Destin and Annie saw them too. It was coming around the corner near her school. There were half a dozen white rabbits running around a playground. They were scaling the big jungle gym and leaping over it and into the sandbox before skittering through a series of plastic tubes, and under the large metal duck on a spring, then making it through the wooden fence on the other side, and escaping there through a crack.

“Daddy, Daddy, Daddy!”

“Yeah Annie, look at that.”

He stopped the car and watched as the rabbits ran through the playground.

“I wonder where they are going?”

“Daddy, can I have a rabbit?”

“And I wonder where they came from. What?”

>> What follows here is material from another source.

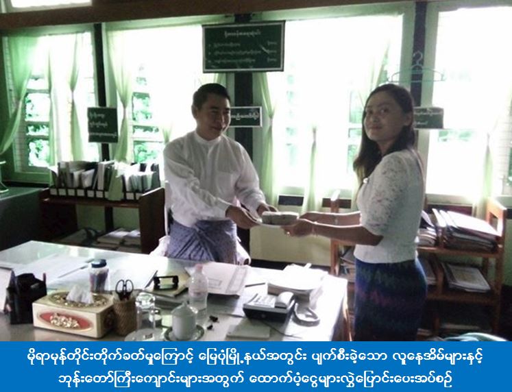 (၃၀-၅-၂၀၁၇) ရက်နေ့တွင် မိုရာမုန်တိုင်းတိုက်ခတ်မှုကြောင့် မြေပုံမြို့နယ်အတွင်း တစ်စိတ်တစ်ပိုင်းပျက်စီးသွားသော (သွပ်မိုး/ပျဉ်ကာ) လူနေအိမ် (၁၄) လုံး၊ လုံးဝပျက်စီးသွားသော (ဓနိမိုး/ထရံကာ) လူနေအိမ် (၁၅) လုံး၊ တစ်စိတ်တစ်ပိုင်းပျက်စီးသွားသော (ဓနိမိုး/ထရံကာ) လူနေအိမ် (၁၄) လုံး၊ တစ်စိတ်တစ်ပိုင်းပျက်စီးသွားသော (သွပ်မိုး/ပျဉ်ကာ) ဘုန်းတော်ကြီးကျောင်း (၆) ကျောင်းအတွက် စုစုပေါင်းထောက်ပံ့ငွေ(၃၀၈၀၀၀၀ိ) ကျပ်တိတိအား (၁၈-၇-၂၀၁၇) ရက်နေ့တွင် မြေပုံမြို့နယ်အုပ်ချုပ်ရေးမှူးထံ လွှဲပြောင်းထောက်ပံ့ပေးခဲ့ကြောင်း သိရှိရပါသည်။
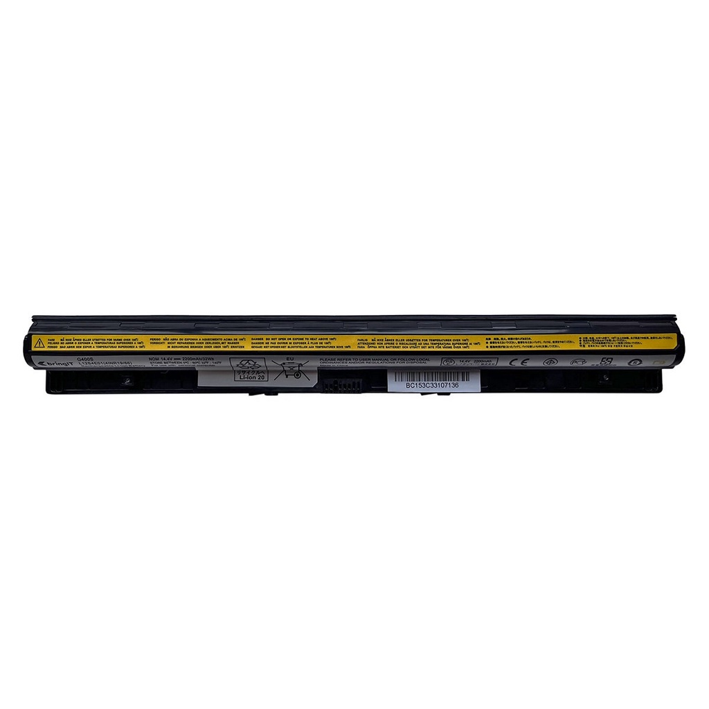 Bateria para Notebook Lenovo G40-80 | 4 Células Esta é uma Bateria bringIT compatível com o notebook Lenovo G40-80. Com alta durabilidade e qualidade, as baterias bringIT são de confiança e possuem compatibilidade garantida. Com excelente desempenho, possui proteção contra sobrecarregamento e sobreaquecimento. Além disso, as células são de íons de lítio (lithium-ion) e imunes ao “efeito memória”, ou seja, não viciam. Atenção! Essa é uma bateria bringIT, portanto não é um produto original da fabricante Lenovo. Caso seja necessário, todo o suporte e garantia do produto serão oferecidos pela nossa equipe. Para evitar problemas de compatibilidade, por favor verifique as especificações da sua bateria. Para evitar problemas de compatibilidade, compare as fotos deste anúncio com seu equipamento original. Assim você consegue verificar as principais informações de compatibilidade e demais especificações da sua bateria. Informações Técnicas Quantidade de células: 4 Células Capacidade: 2200 mAh Tensão (Voltagem): 14.4 V (14.8 V) Tensões equivalentes: 10.8V = 11.1V e 14.4V = 14.8V Cor: Preto Garantia: 12 meses de garantia contra defeitos de fabricação Referência: BC153

“A rabbit, can I have one of those?”

He smiled.

“We can add that to the list and see what everyone thinks tonight. Okay?”

“Okay.” She pulled her backpack on. Her father kissed her and sent her to the school.

Then he got back in his own car and headed for the high school. It was frogs today, but he hadn’t wanted to tell anyone that, and he’d rather not do it either, but it was what it was.

He pulled around the corner, and down the street to his own school. He parked in his designated spot, the one right under the branch that the robins all liked to congregate on, and pulled his old musty box out of the back seat. Expecting to find his notes and diagrams about the frog’s internal anatomy, he saw instead a small nest, made of the remains of all his notes and materials. It looked more like a jumble of paper, but some kind of little critter must have done it.

What was in there?

He closed the lid of the box, tucked it under his arm, and went into the school through a side door. Inside, he could smell the ammonia of the recently mopped floors. Students were headed everywhere. Some were hanging out on the floors by their lockers, not yet able to get into their classrooms, others wandered the halls heading up and down from the cafeteria to the gym over and over again, but most of them just crowded around and talked.

Somewhere in the distance, a warning bell rang. There were another ten minutes before classes were to begin. Destin could feel something moving in the box, scratching to get out. Was the box feeling warmer? He shifted it to his other arm. Maybe it was like a small raccoon or a squirrel, but jittery. It bounced in there. Was that a bounce?

He slipped into his classroom and put the box on his big science table. It was black and burn proof.

The box moved.

He pushed it back into the middle of the table. Students were knocking at the door. He didn’t want to show them this. What if he’d just managed to bring a stray or something into the school building?

Whatever it was scratched, and a little white paw appeared through flaps where they all came together at the top of the box.

There was chewing.

He held the box feeling for movement.

After a moment, all signs of it stopped.

He reached down with a finger, and pulled gently at the flaps, and opened the box up.